The Palwar Rajputs of Oudh have a witch ancestress. Soon after the birth of her son she was engaged in baking cakes. Her infant began to cry, and she was obliged to perform a double duty. At this juncture her husband arrived just in time to see his demon wife assume gigantic and supernatural proportions, so as to allow both the baking and nursing to go on at the same time. But finding her secret discovered, the witch disappeared, leaving her son as a legacy to her astonished husband. Here, though the story is incomplete, we have almost certainly, as in the case of Nona Chamarin, one of the Melusina type of legend, where the supernatural wife leaves her husband and children, because he violated some taboo, by which he is forbidden to see her in a state of nudity, or the like.

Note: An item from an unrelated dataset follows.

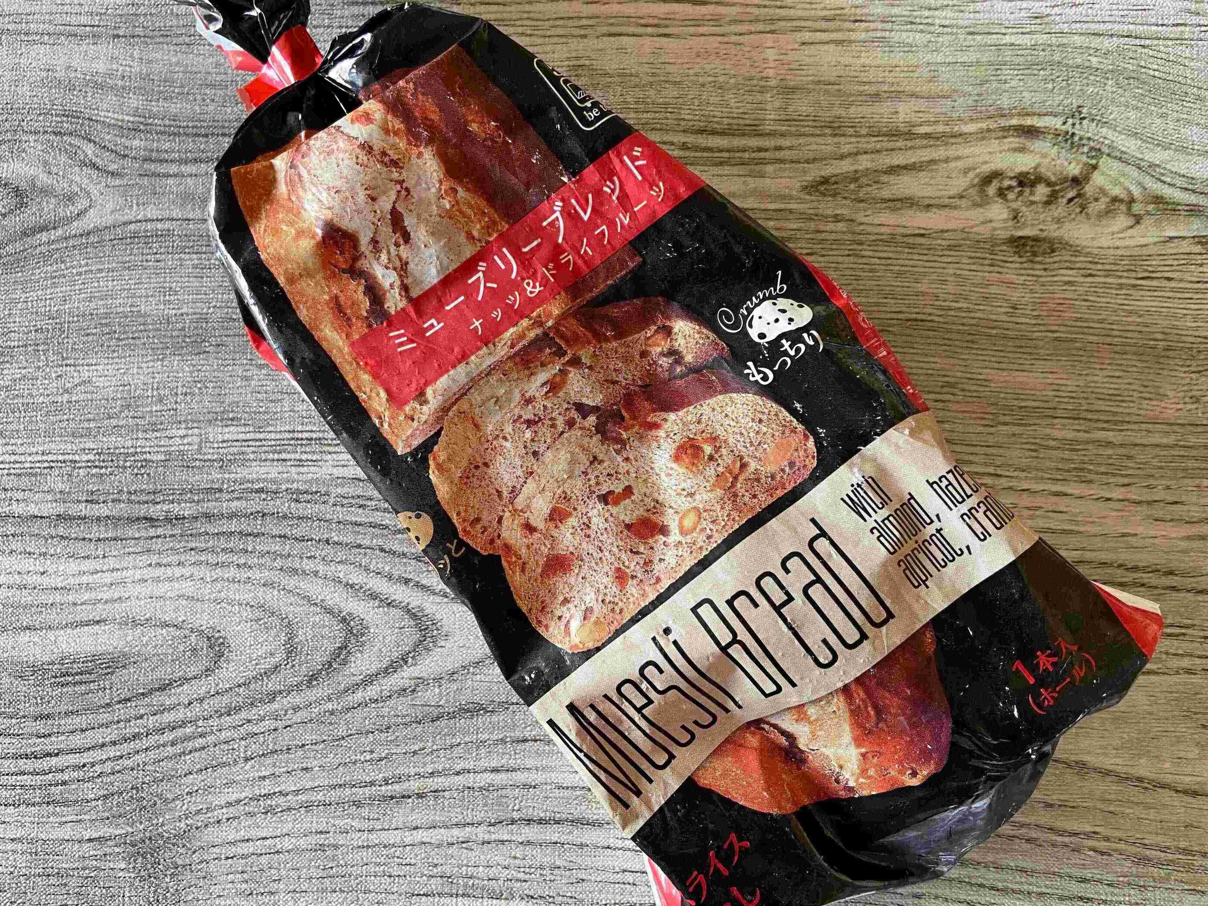 業務スーパーの冷凍コーナーで販売されている、「ミューズリーブレッド」(購入時価格:375円)。

 The history of witchcraft in India, as in Europe, is one of the saddest pages in the annals of the people. Today, the power of British law has almost entirely suppressed the horrible outrages which, under the native administration were habitually practiced. But particularly in the more remote and uncivilized parts of the country this superstition still exists in the minds of the people and occasional indications of it, which appear in our criminal records, are quite sufficient to show that any relaxation of the activity of our magistrates and police would undoubtedly lead to its revival in some of its more shocking forms.

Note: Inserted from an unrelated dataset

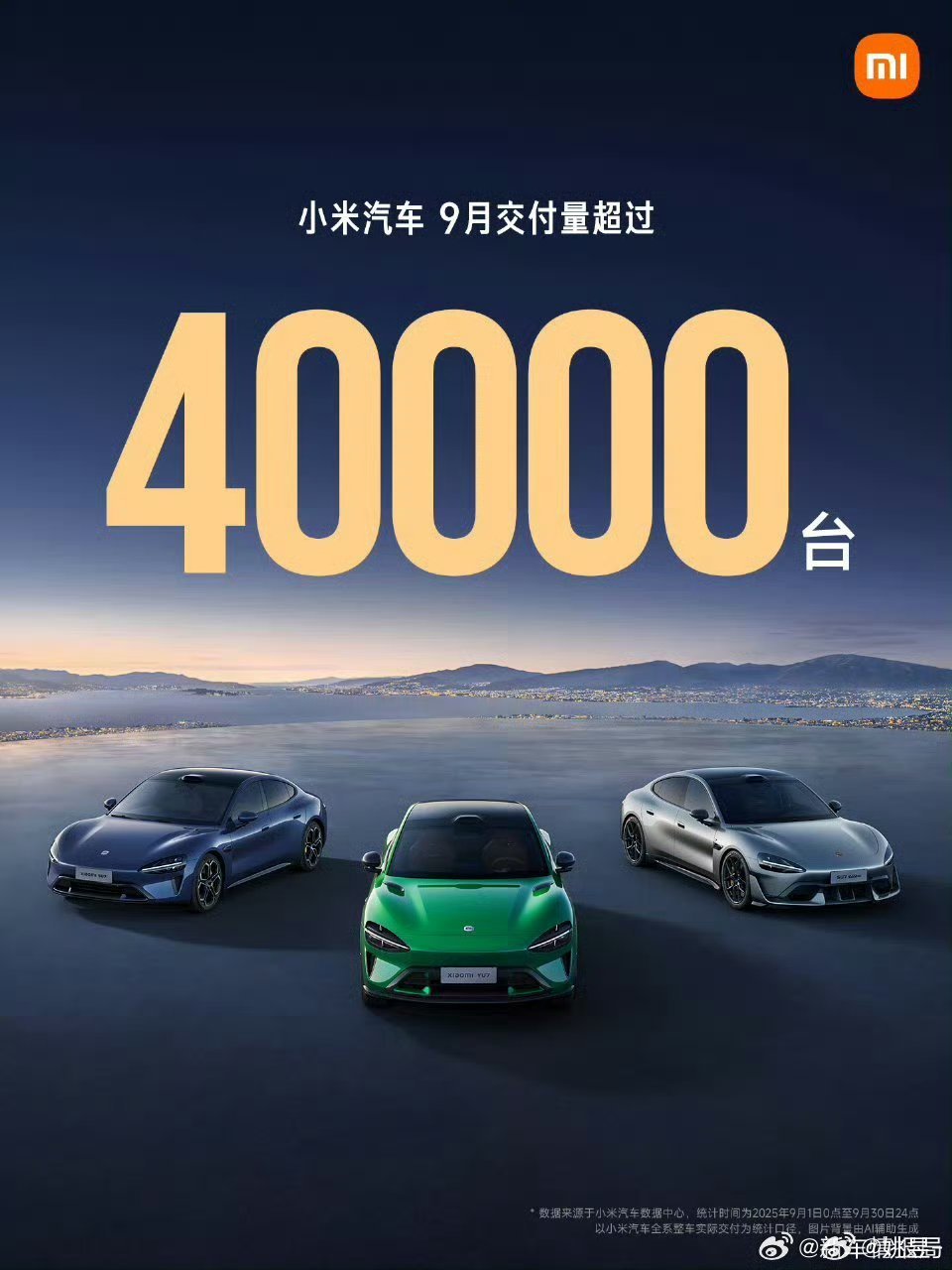 小米汽车9月交付量4w台,比上个月增加了1w台!

 The aborigines of In die live in great fear of ghosts and invisible spirits, and a considerable portion of their time is given up to averting the evil influences of these. Protective of every description litter their houses, and the approaches to them, and they wear numerous amulets for the purpose of averting evil influences, Regarding these, Mr. Crooks says Some of the Indian ghosts, like the Ifrit of the Arabian Nights, can grow to the length of ten yojanes or eighty miles. In one of the Bengal tales a ghost is identified because she can stretch out her hands several yards for a vessel. Some ghosts possess the very dangerous power of entering human corpses, like the Vetala, and swelling to an enormous size. The Kharwars of Mirzapur have a wild legend, which tells how long ago an unmarried girl of the tribe died, and was being cremated. While the relations were collecting wood for the pyre, a ghost entered the corpse. but, the friends managed to expel him. Since then great care is taken not to leave the bodies of women unwatched. So, in the Panjab, when a great person is cremated the bones and ashes are carefully watched till the fourth day, to prevent a magician interfering with them. If he has a chance, he can restore the deceased to life, and ever after retain him under hIs influence. This is the origin of the custom in Great Britain of waking the dead, a practice which ‘most probably originated from a silly superstition as to the danger of a corpse being carried off by some of the agents of the invisible world, or exposed to the ominous liberties of brute animals.’ But in India it is considered the best course, if the corpse cannot be immediately disposed of, to measure it carefully, and then no malignant Bhut can occupy it.

Most of the ghosts whom we have been as yet considering are malignant. There are, however, others which are friendly. Such are the German Elves, the Robin Good-fellow, Puck, Brownie and the Cauld Lad of Hilton of England, the Glasban of the Isle of Man, the Phouka or Leprehann of Ireland. Such, in one of his many forms, is the Brahmadaitya, or ghost of a Brahman who has died unmarried. In Bengal, he is believed to be more neat and less mischievous than other ghosts. The Bbuts carry him in a palanquin, and he wears wooden sandals and lives in a Banyan tree.